I will be looking at the postmodernist novel

Lost in the Funhouse by John Barth

Tuesday, 24 January 2012

John Barth

John Barth is an American novelist who specialised in postmodernism and metafiction.  Barth claimed that the conventional styles of literary representation had been ‘used up’.  The literary conventions of the 1960’s had been over used and there was nothing original about a novel.  John Barth wrote a manifesto called The Literature of exhaustion in which he claimed metafiction is the answer to the ‘used upness’ of the novel.  Barth claims that experimental techniques in literature by writers like Borges and Beckett had revitalised the novel as an art form. These writers were interested in the ‘representation of representation’ (Currie 1995) of the novel and believed that this was mimetic but was done with ‘ironic intent’ to create ‘new human work’ (Currie 1995)  Mimetic not only in the artificiality of the art itself but also in life.

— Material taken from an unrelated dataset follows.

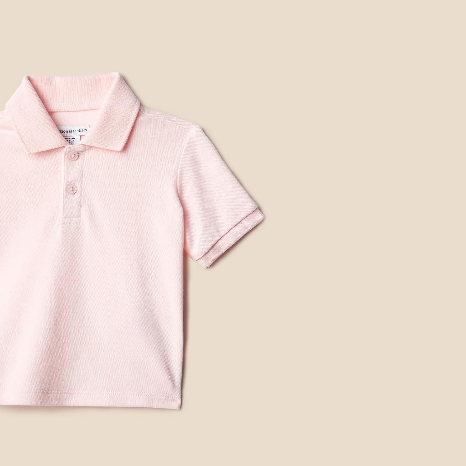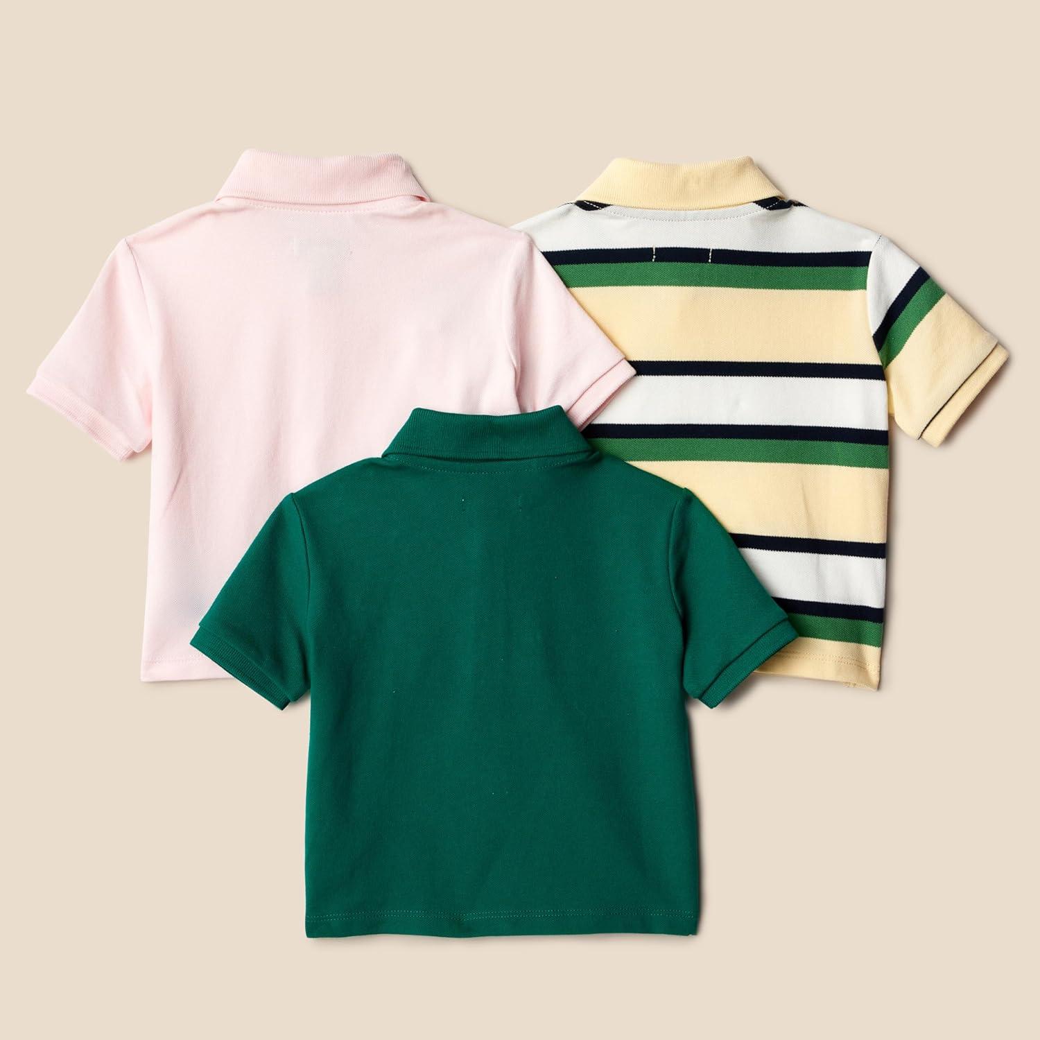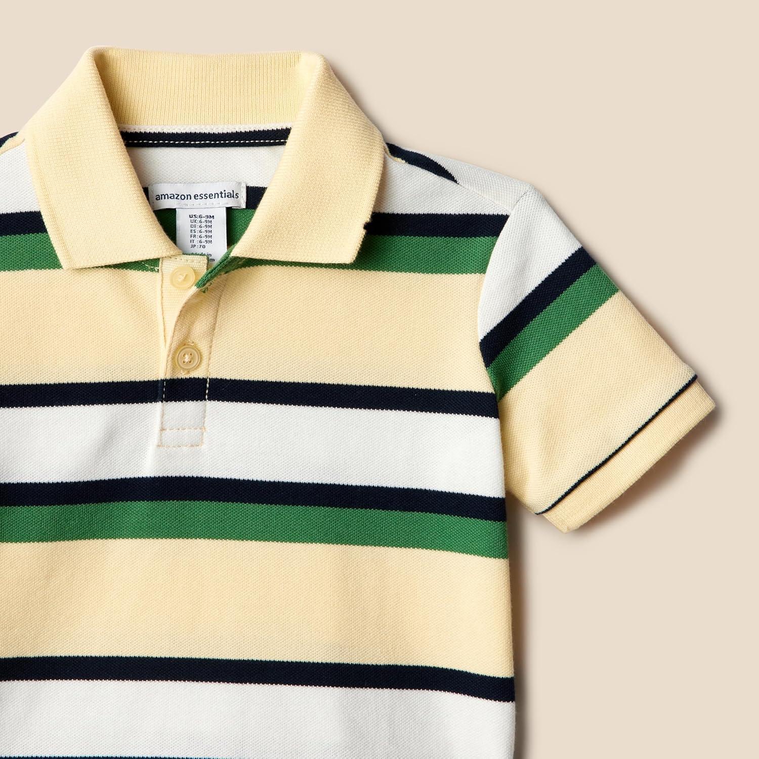 Amazon Essentials Boys and Toddlers’ Cotton Spandex Pique Polo Shirt, Pack of 3(Dark Green/Pale Pink/Block Stripe)

Secondly, that the ‘contamination of reality by dreams’ (Currie 1995) is a reality that begins to impose itself to our existence and will eventually destroy our previous reality.  The story appears to have an alternate reality to our own. Borges claims that this is a way of showing that the ‘medium is the message’.

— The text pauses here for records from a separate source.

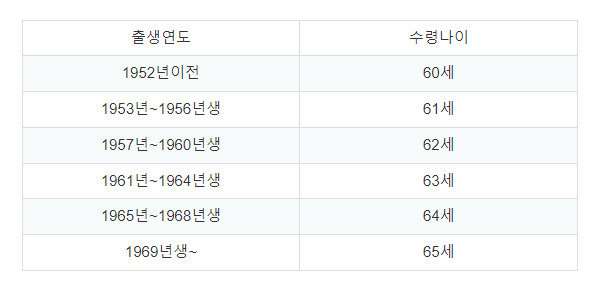 1953년~1961년 출생자: 만 61세~64세까지 수령 나이 점진적 상향.
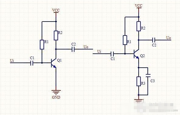 圖中所示電路中Q1發(fā)射極直接接地,Q2中發(fā)射極通過(guò)電容C3接地,因?yàn)镃3的容量較大,對(duì)交流信號(hào)的容抗很小而呈通路,這樣對(duì)交流信號(hào)而言就是發(fā)射極相當(dāng)于接地,所以這個(gè)是共發(fā)射極放大器。
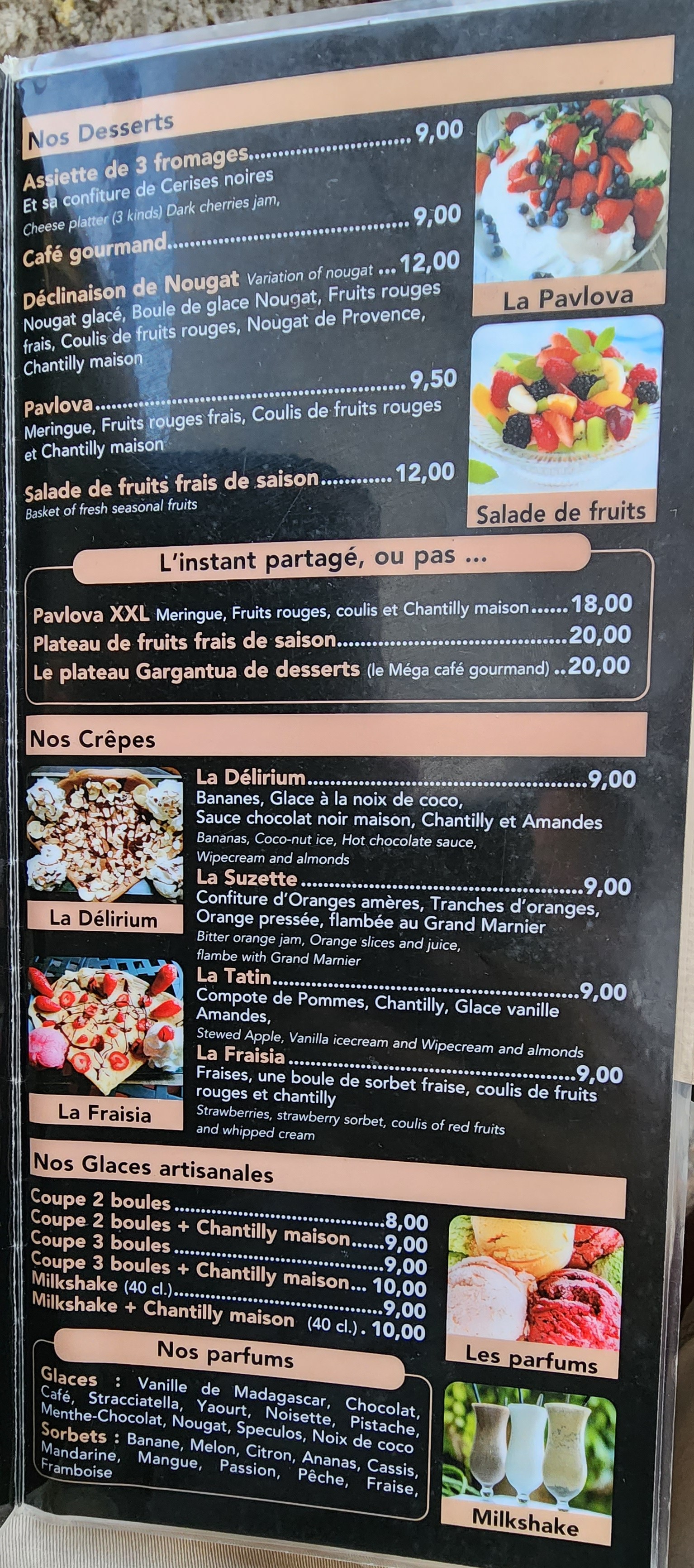 Ma famille tient trois crêperies en Lorraine depuis trois générations. En vacances une semaine dans le 06 avec ma famille, nous avons visité Eze Village, et bien sûr nous avons voulu tester cette crêperie située à l'entrée...Hmmm, nous nous sommes dits: encore une trappe à touristes...Mais, bien au contraire: Un accueil souriant et débordant de luminosité comme ce soleil azuréen, une équipe de jeunes pleins d'enthousiasme et de bonne humeur malgré la floppée d'une clientète venant de tous les continents! Une vraie tour de Babel où il faut parler le Français, l'Anglais, l'Italien, l'Espagnol, le Russe... OK pour le service, maintenant la mangeaille...Encore une très agréable surprise, les crêpes au sarrasin bien savoureuses, les salades composées bien costauds et généreuses, les glaces et les crêpes sucrées rien à redire sinon excellentes! Bref, l'addition...Un peu plus chère que chez nous en Lorraine, environ 15 %...Mais, c'est la Côte d'Azur...Et Monaco 'est à deux pas...

Finally, the writers idea of ‘the metaphysically disturbing effect of the regressus in infinitum  roduced by the story within the story and the process whereby the characters in a novel become authors or readers within the fictitious aspect of our existence’ (Currie 1995).  These metafictional devices are seen in postmodern fiction as they cause chaos in their understanding.  The regressus in infinitum is ‘the process of going back endlessly: tracing each happening to a preceding step (mises.org). This happens when the story would not have a linear telling, we would have analepsis and prolepsis throughout the telling of a story.  The novel would than confuse the reader into who was doing the telling, the author or the characters or both.  To further confuse matters, the novel would refer to itself in the novel.  All these metafictional devices are attempting to confuse your idea of reality, to make you question yourself as to what is the real reality? In your world and in the novel?

In conclusion, Literature of Exhaustion is about how every story that is ever told, has already been told.  There are no stories to write because all the stories have been written.  The only way to make any impact on the novel is to metafictionalise it, to make your mark on the story.